§ **Information provided**
-----

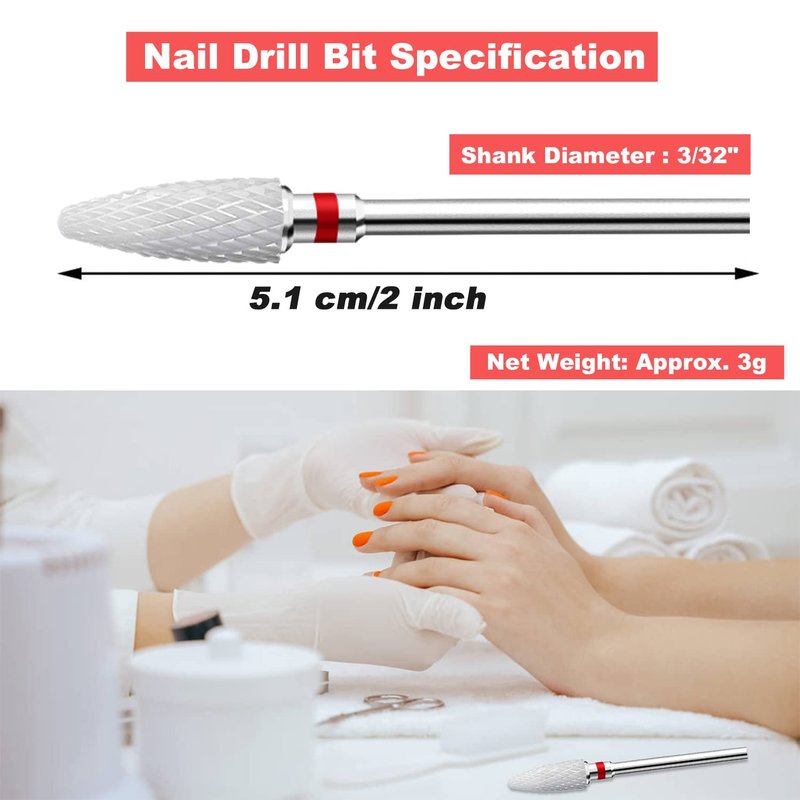 - 【3/32" Ceramic Nail Bit】Quantity: 1 piece | Fits 3/32'' (2.35 mm)Shank Size | Color: White | Grit: Fine | Quickly and perfectly achieve smoothly contoured nails.
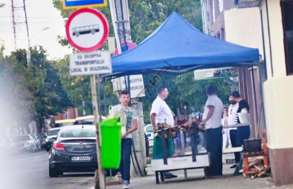 Familial ui Liviu Andronache, zis Vanghele a fost amendată, de polițiștii locali pentru tulburarea liniștii publice și pentru amenajarea pe trotuarul din fața casei a unui proțap la care au fost fripți doi berbeci.
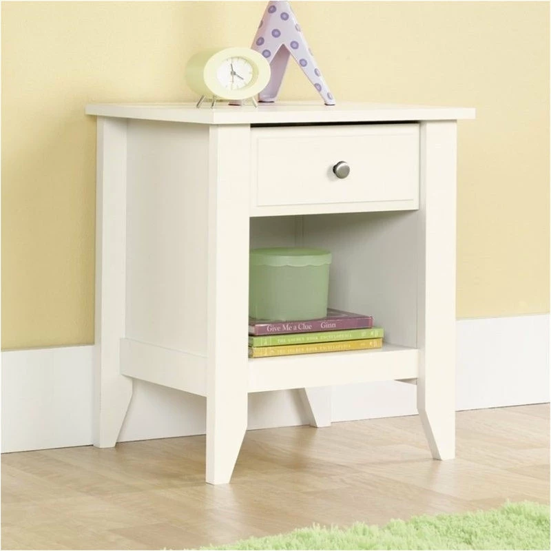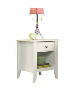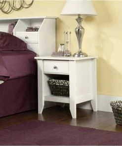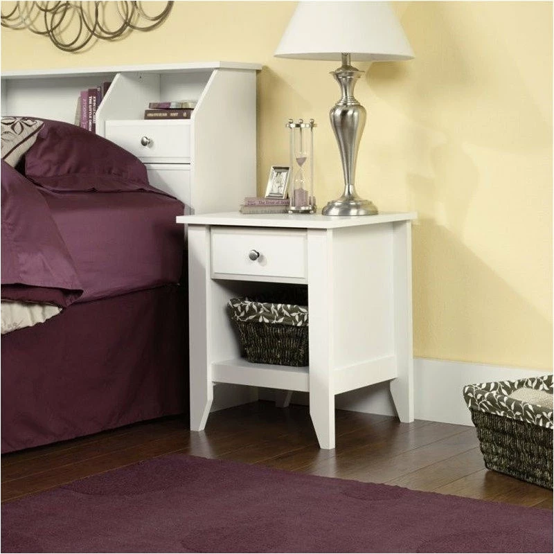 Looking for some stylish bedside storage? Check out this Soft Whiteยฎ night stand from the Shoal Creekยฎ collection. Find room for all your do-dads and gadgets in the easy-to-access drawer that opens and closes on smooth metal runners. The open shelf below provides you with even more storage and makes this sweet little bedside table the perfect addition to your bedroom.
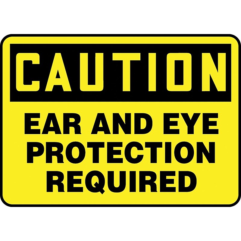 Buy Accuform Vinyl Safety Sign "CAUTION EAR AND EYE PROTECTION..", Black On Yellow () for $15.39 at @ Megadepot.com

-----

§ **Problem statement**
An exact transcript of the listing is needed, free of pictures.

§ **Answer area**
 - 【3/32" Ceramic Nail Bit】Quantity: 1 piece | Fits 3/32'' (2.35 mm)Shank Size | Color: White | Grit: Fine | Quickly and perfectly achieve smoothly contoured nails.
 Familial ui Liviu Andronache, zis Vanghele a fost amendată, de polițiștii locali pentru tulburarea liniștii publice și pentru amenajarea pe trotuarul din fața casei a unui proțap la care au fost fripți doi berbeci.
 Looking for some stylish bedside storage? Check out this Soft Whiteยฎ night stand from the Shoal Creekยฎ collection. Find room for all your do-dads and gadgets in the easy-to-access drawer that opens and closes on smooth metal runners. The open shelf below provides you with even more storage and makes this sweet little bedside table the perfect addition to your bedroom.
 Buy Accuform Vinyl Safety Sign "CAUTION EAR AND EYE PROTECTION..", Black On Yellow () for $15.39 at @ Megadepot.com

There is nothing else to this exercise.